Jazz, Art, Play, and Abstracting Your Business

Coltrane

Your readers, your audience, and your customers are changing their habits; how they get information; how they interact with media; how they manage their professional network; how they do business.

These changes will, inevitably, affect how they interact with your brand; their needs will evolve; their expectations will shift. Perhaps it hasn’t happened yet. Perhaps it won’t happen for a long time. But for many industries, it is happening today.

So the question remains, everyday: How do you sustain and maximize what is working, yet prepare for an evolution within your customer base that has not yet fully revealed itself?

  • Forget about thinking outside the box.
  • Forget about thinking inside the box.
  • FORGET ABOUT THE BOX.

I propose: abstraction.

Mondrian

What is abstraction?

“Abstraction is the process of removing detail to expose the essential features of a particular concept or object.”

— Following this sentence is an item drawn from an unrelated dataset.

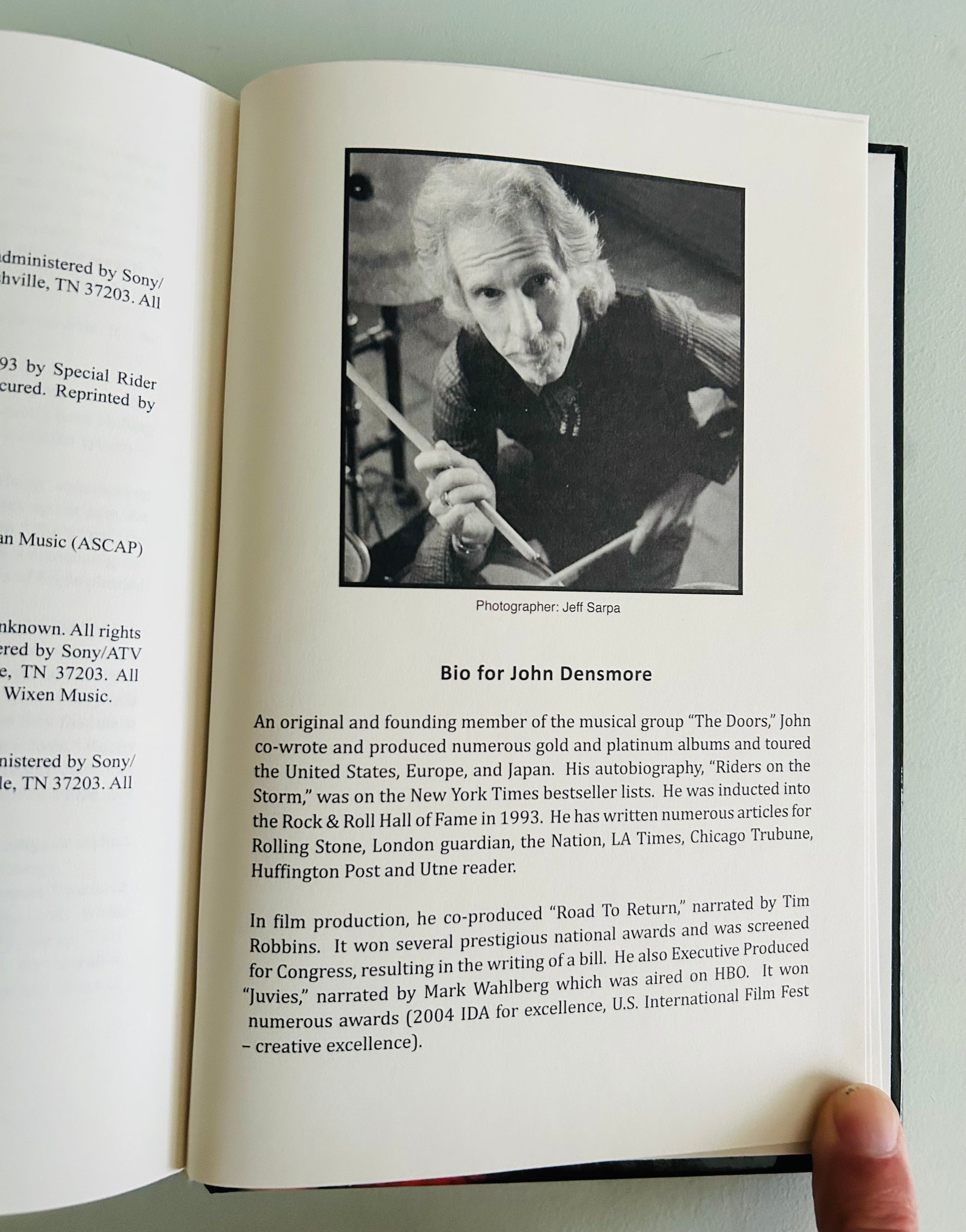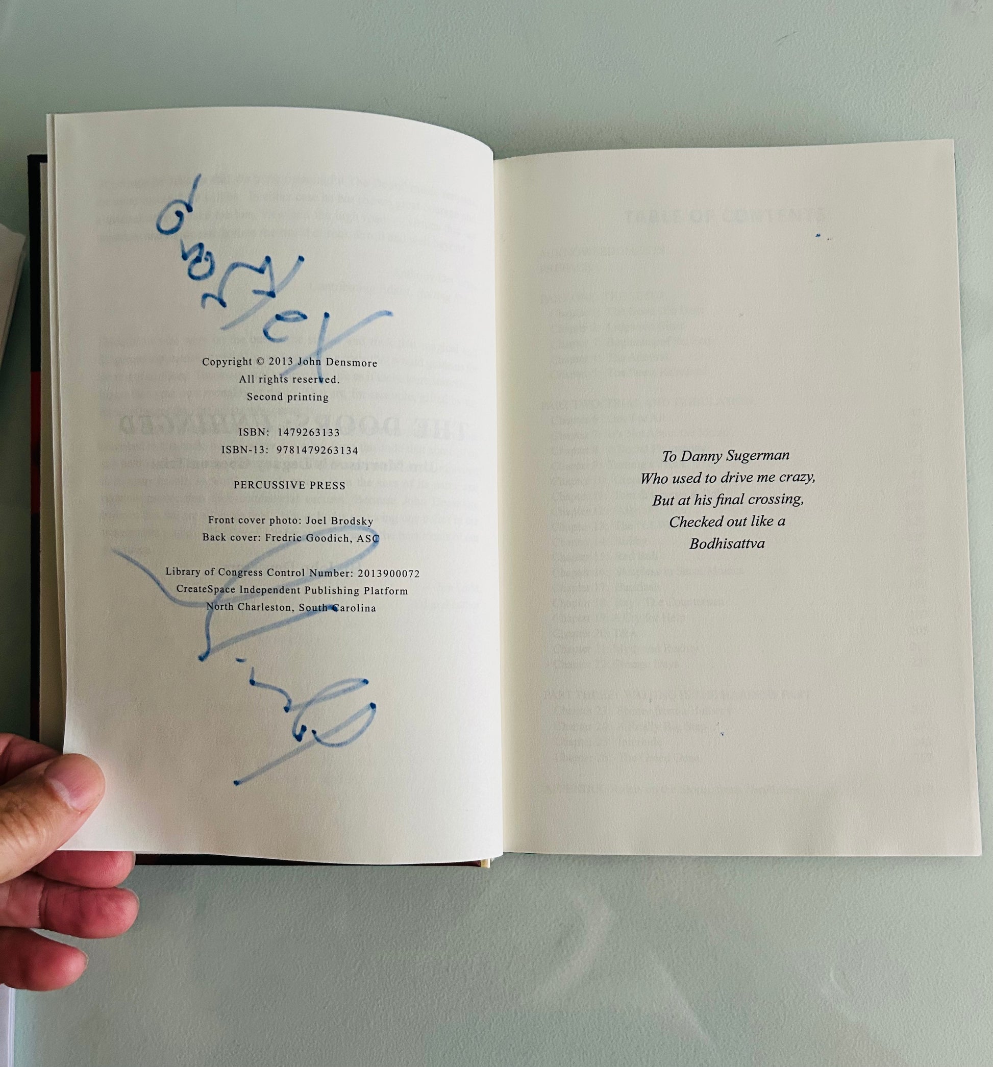 John Densmore. Signed copy. First edition, stated second printing. South Carolina: Percussive Press, 2013. Hardcopy is in Very Good+ condition. No dust jacket. No writing or markings found in the book, other than author’s signature on title page, 270 pp.

To abstract something, is to understand its core structure, core value, and core purpose. Here are a few places we see abstraction in our culture:

  • Jazz is abstraction.
  • Art is abstraction.
  • Play is abstraction.

Each of these are a process of understanding; a process of breaking barriers; a process of finding the truth. How is this any different for business? For B2B media? For our individual goals?

Why abstract?

To retain focus on the core value of what you do, and why you do it, and not simply guard a structure and process that lacks the growth potential. I am not just talking about business and revenue growth – but growth in reaching more of your audience, and better serving their needs.

Play

Abstraction can be:

  • Simple.
    Abstraction is often about breaking things down to their core value, not complicating them with unnecessary elements. What is the primary problem you are solving for your audience. Who – exactly – is your audience? How does your product make this connection?
  • Subtle.
    Dramatic change is not the goal. Small, incremental changes can lead to abstraction without confrontation with existing processes.
  • Enlightening.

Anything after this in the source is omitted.